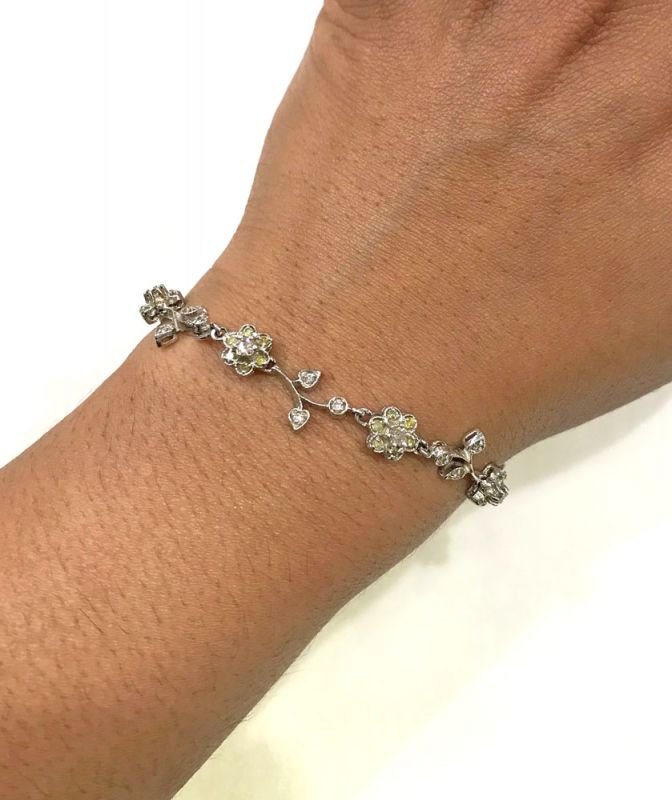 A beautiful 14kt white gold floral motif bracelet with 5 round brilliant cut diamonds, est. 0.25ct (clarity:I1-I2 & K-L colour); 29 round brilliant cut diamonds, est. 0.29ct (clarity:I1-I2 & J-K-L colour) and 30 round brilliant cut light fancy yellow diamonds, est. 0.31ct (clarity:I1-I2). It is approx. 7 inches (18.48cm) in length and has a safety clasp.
------
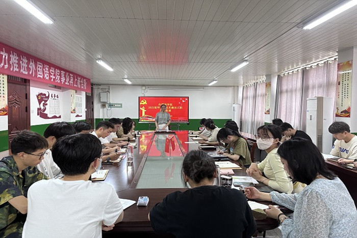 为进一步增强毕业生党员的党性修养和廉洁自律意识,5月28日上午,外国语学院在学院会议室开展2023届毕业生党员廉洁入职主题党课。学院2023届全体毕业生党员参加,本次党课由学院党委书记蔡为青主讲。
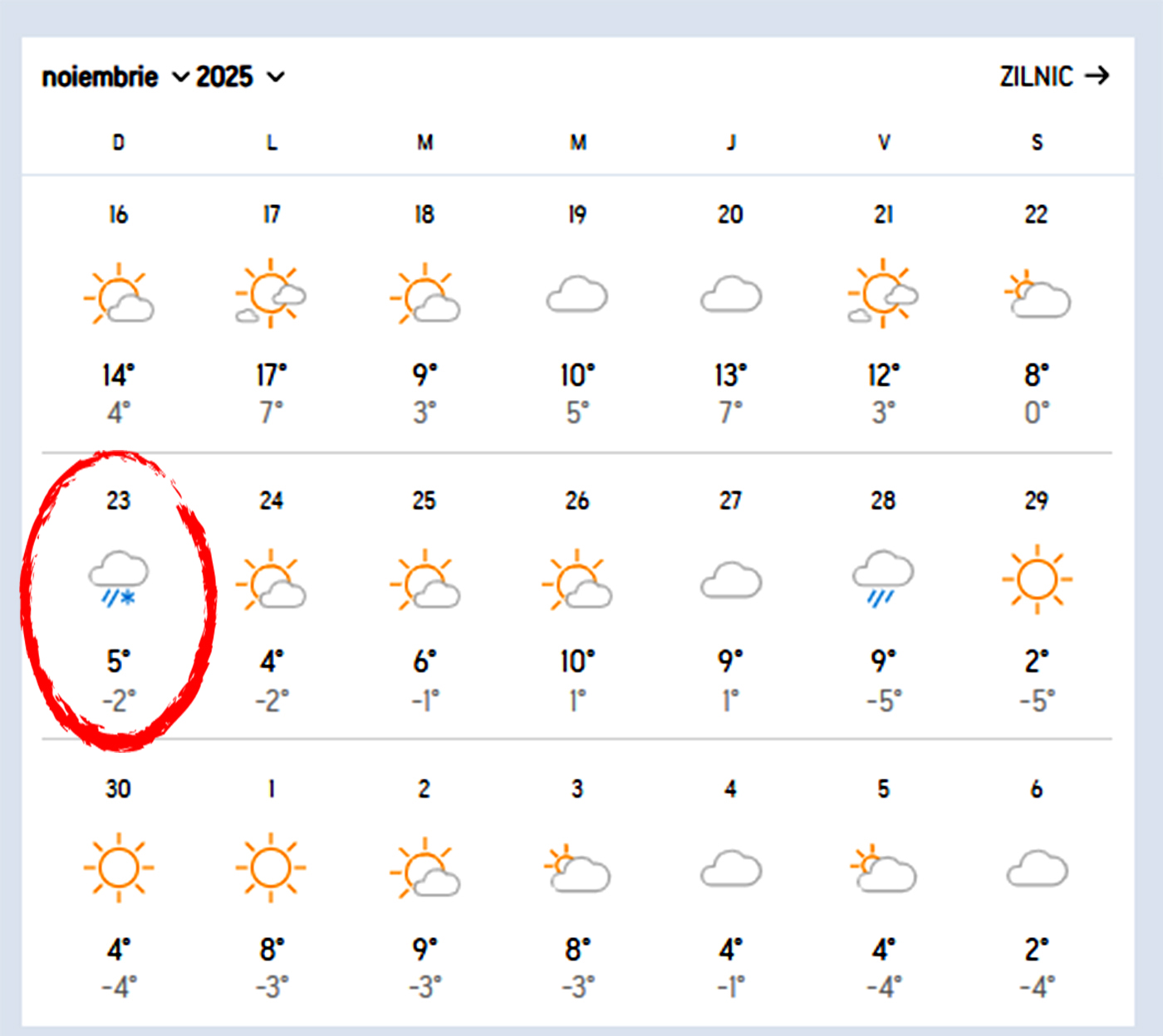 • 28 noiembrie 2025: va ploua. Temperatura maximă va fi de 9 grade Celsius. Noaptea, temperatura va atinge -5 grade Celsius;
------
§ **Exercise instructions**:
Find where the line with "为进一步增强毕业生党员的党性" sits in the material above and where the line with "-5 grade Celsius;" sits. Set down exactly the lines from the first to the second, both included and nothing else, without pictures.

§ **Problem solution**:
 为进一步增强毕业生党员的党性修养和廉洁自律意识,5月28日上午,外国语学院在学院会议室开展2023届毕业生党员廉洁入职主题党课。学院2023届全体毕业生党员参加,本次党课由学院党委书记蔡为青主讲。
 • 28 noiembrie 2025: va ploua. Temperatura maximă va fi de 9 grade Celsius. Noaptea, temperatura va atinge -5 grade Celsius;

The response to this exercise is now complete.